I do have more roses, but you get the idea. There are rose bushes along the driveway, at the front of the house, in all the flower beds in the back yard, and even in pots in the house. You can never have too many roses is kind of a motto of mine.

I grow the roses for myself, but I also grow them for my mom and the other rose growers in my family. My aunt grew roses too and had a huge climber that I envy to this day. For all I know rose growing has been going on for generations in my family. Every single rose shrub, each rose bloom, is a link to the past and a promise of beauty in the future. You can never go wrong with a rose.

My mom died one year early in May after a long battle with cancer. A few days after the funeral was Mother’s Day, and in her memory I planted six red floribunda roses in my front flower bed. Those roses, bright red Showbiz roses, bloomed like my mom herself was taking care of them.

One day someone knocked on my door to ask what they were.

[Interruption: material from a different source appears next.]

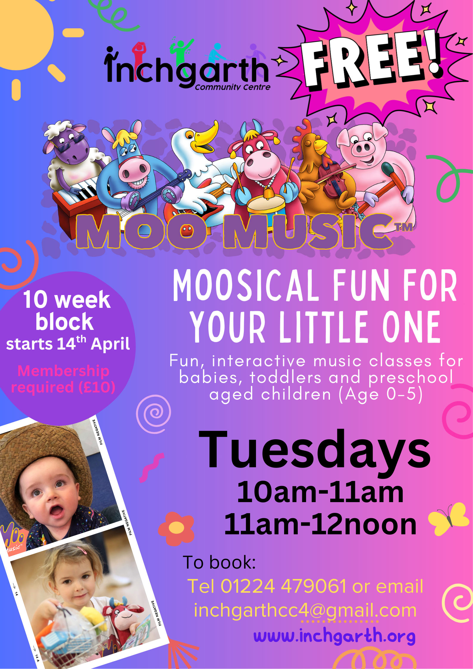 Fun and interactive music and movement class for babies, toddlers and preschool age children. Free class but membership of Inchgarth is required (£10 per year). 10 week block starting 14th April.

My mom would have been so proud!!

Author: Midnight Knitter

I weave, knit and read in Aurora, Colorado where my garden lives. I have 2 sons, a knitting daughter-in-law, a grandson and two exceptionally spoiled kittens. In 2014 I was diagnosed with a serious rare autoimmune disease called systemic sclerosis along with Sjogren's Disease and fibromyalgia.

18 thoughts on “The BioGeek Memoirs: Rose”

  1. Lovely story. 🙂
    I think the Hot Cocoa has to be my favourite – it’s such a wonderful colour.
    Roses are the best blooms in the world.
    I have spoken.
    [grin]

    1. I really like the Hot Cocoa roses, too, and I have to agree with you about the best in the world! I have them at the front of the house under the main window and they complement the paint colors. One of my neighbors trimmed all of my shrubs and almost whacked the roses too! Whew! Talk about a close call.

    1. I need more yellow roses. I have become a fan of carpet roses and put some into the gardens last year along the fronts with larger plants behind. Can’t wait to see how it looks this year.

  2. This is a beautiful tribute. My dad has a lovely rose garden, and he inherited the rose gardening gene from his mom. Grandma’s rose garden was always a favorite spot of mine. She passed recently, but once I have a house with space for roses I intend to start my own rose garden in tribute.

  3. You have beautiful roses! Your Mom would be so proud, and I bet interested in all your different varieties 🙂 I planted roses at our first house – they were so pretty and smelled just wonderful when they bloomed. Maybe one day if I am in a different climate that would be a bit better for them I will plant some again!

    1. It is the smell that is so wonderful, isn’t it. Well, and the looks, too. You can always grow indoor roses using lights and miniature roses… I did that for years and it made the winters happier.